An Open Letter to my Sons

Perhaps one of the most difficult parts of being a father is figuring out how to connect to my sons, to pass on to them the things that I have learned, especially when that learning came at a high cost.  We want to give them enough information to allow them o be successful in life while minimizing unnecessary pain.  We want them to know we love them and that we are always available to them.  But finding the time to say it, particularly when caught up in the daily process of making a life and living can be exceptionally difficult.

Sometimes the best way to do it is through a letter,  So today, I am going to take a few moments to pass on some of that information to my sons, and I’m going to let all of you in on the info.

My son,

As you continue to grow, you are going to be confronted by opportunities that will challenge your character.  You will see friends give in to the temptations of immediate gratification of appetite and pride, and you will wonder how much little infractions of a moral code really impact your life.  You may wonder what character is all about, and with good reason.

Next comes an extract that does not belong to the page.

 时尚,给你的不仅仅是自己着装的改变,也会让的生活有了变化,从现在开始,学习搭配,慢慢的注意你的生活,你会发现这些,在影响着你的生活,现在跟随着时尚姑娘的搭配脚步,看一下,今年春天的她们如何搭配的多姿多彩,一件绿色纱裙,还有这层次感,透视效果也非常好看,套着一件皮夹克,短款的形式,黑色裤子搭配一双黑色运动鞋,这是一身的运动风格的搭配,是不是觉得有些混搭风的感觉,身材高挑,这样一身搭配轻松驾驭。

Allow me, for just a few moments, to explain what I think character is and to build a case for living a life committed to maintaining your character.

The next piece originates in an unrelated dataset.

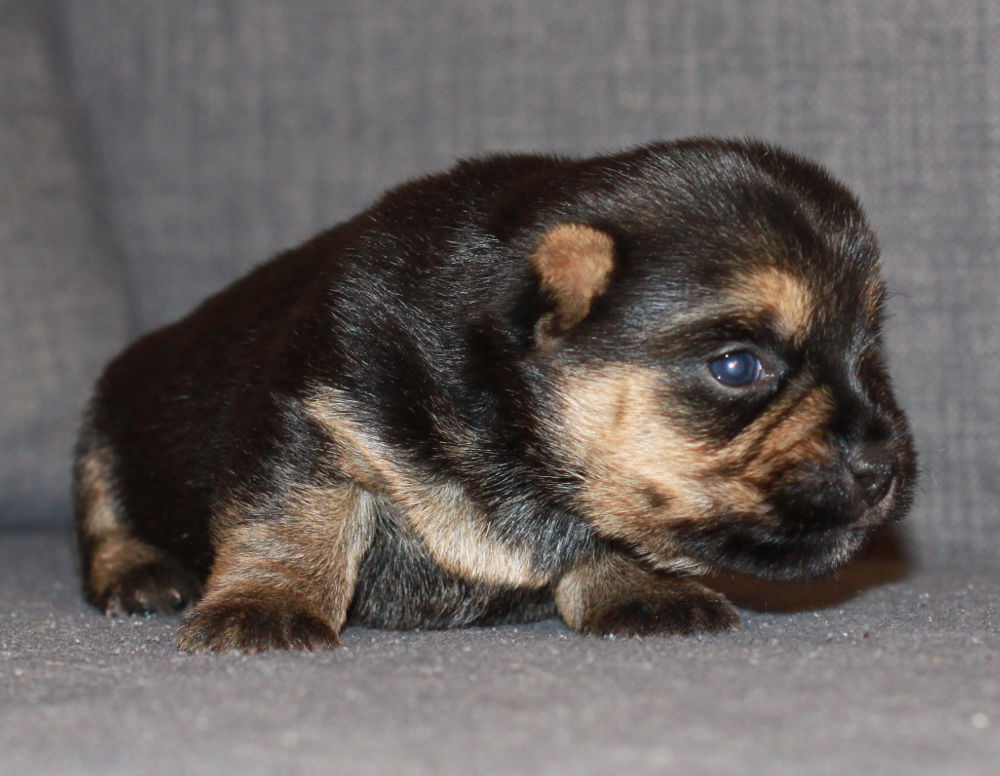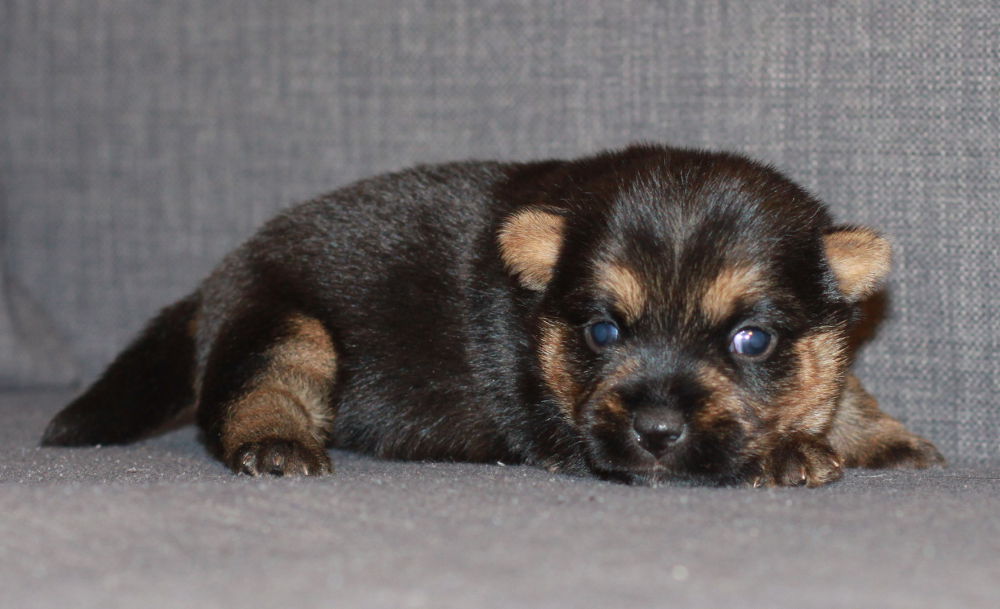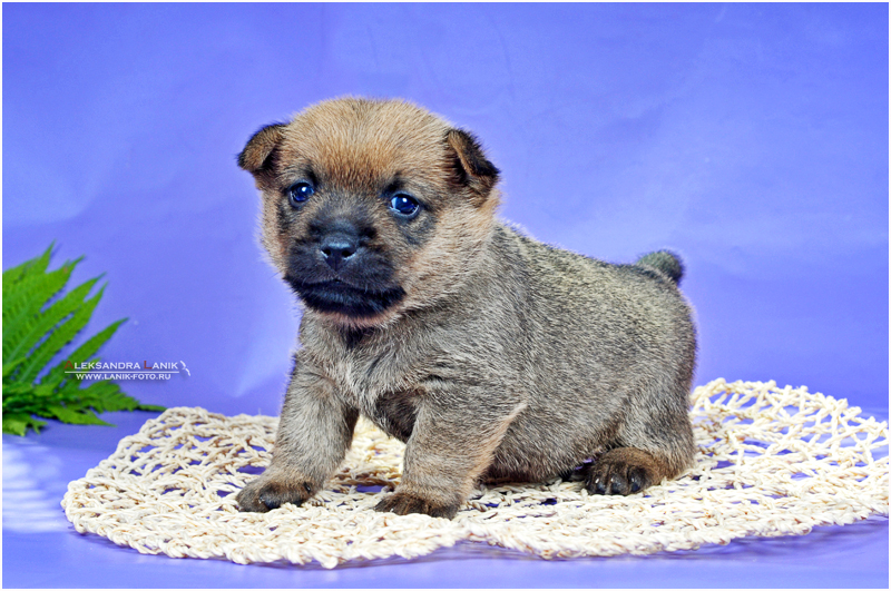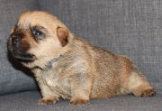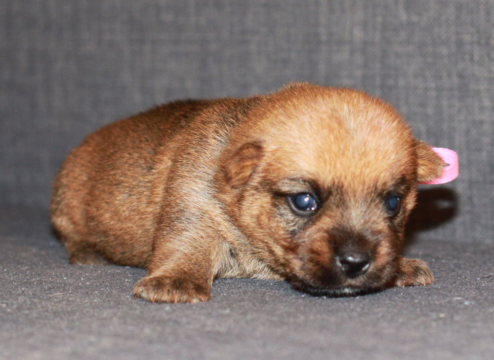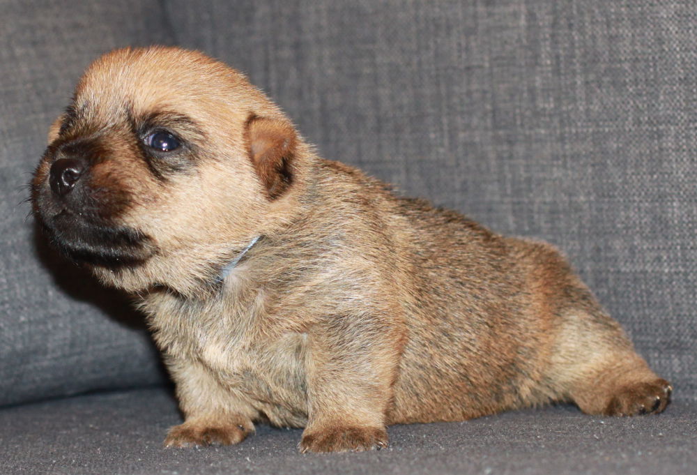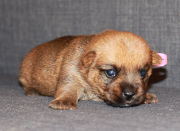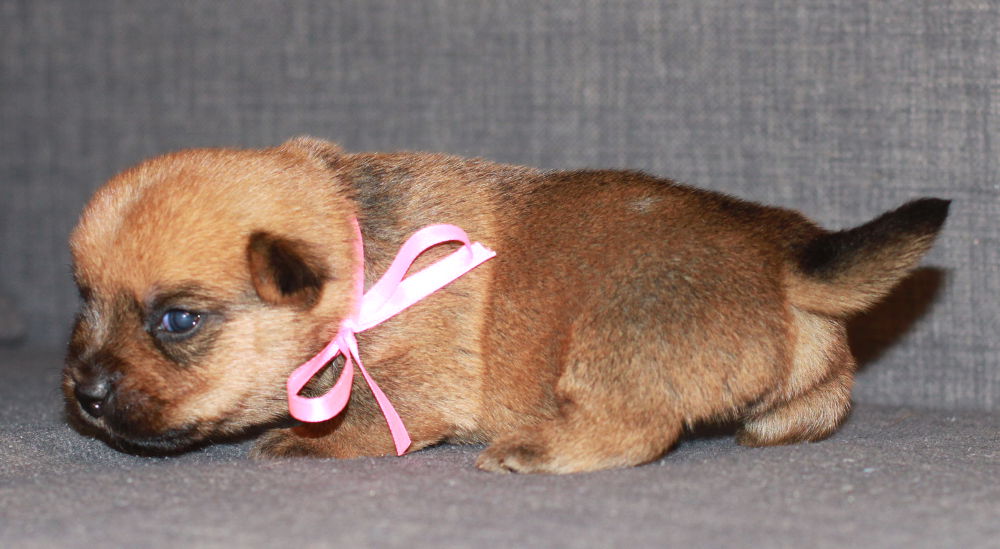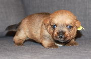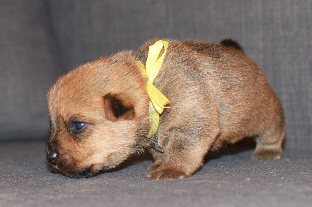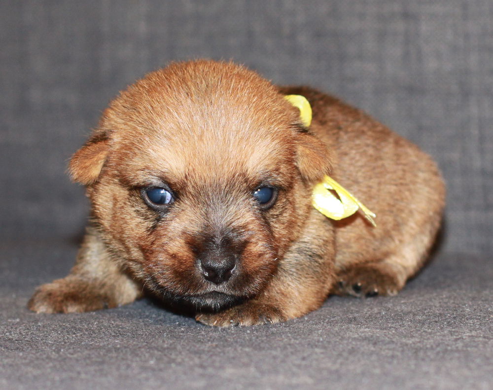 Щенки Норвич терьера, рожденные 19 сентября 2014 года: три мальчика и девочка рыжего окраса и девочка - чепрачного.

Character is one of those words that we use, and that we think everyone understands, but sometimes we don’t share the same meaning.  While there are many aspects to the definition, the one I wish to focus on for just a few moments is described by Dictionary.com as “qualities of honesty, courage, or the like; integrity.”  Honesty, courage and integrity.  these three principles might be called the pillars of character.

In today’s society, some will contend that maintaining these standards is too hard, that they are fine ideals to talk about and to use to inspire the lives of children, but that in the lives of adults they are just too lofty to achieve.  That may be true.  Every man that I have known has had times when maintaining these virtues was nearly impossible, and many of us, if not all, have been imperfect at maintaining them in our lives.  But I contend that the struggle is all the more important because it is so hard.

Consider the politician or activist who spends a lifetime building communities and giving service who is discovered later in his life to have been involved in dishonest business practices, falsifying simple documents to get ahead in life or committing similar lapses in honesty.  All the good that might have been connected with the individual, both past and future, can be destroyed in a few moments.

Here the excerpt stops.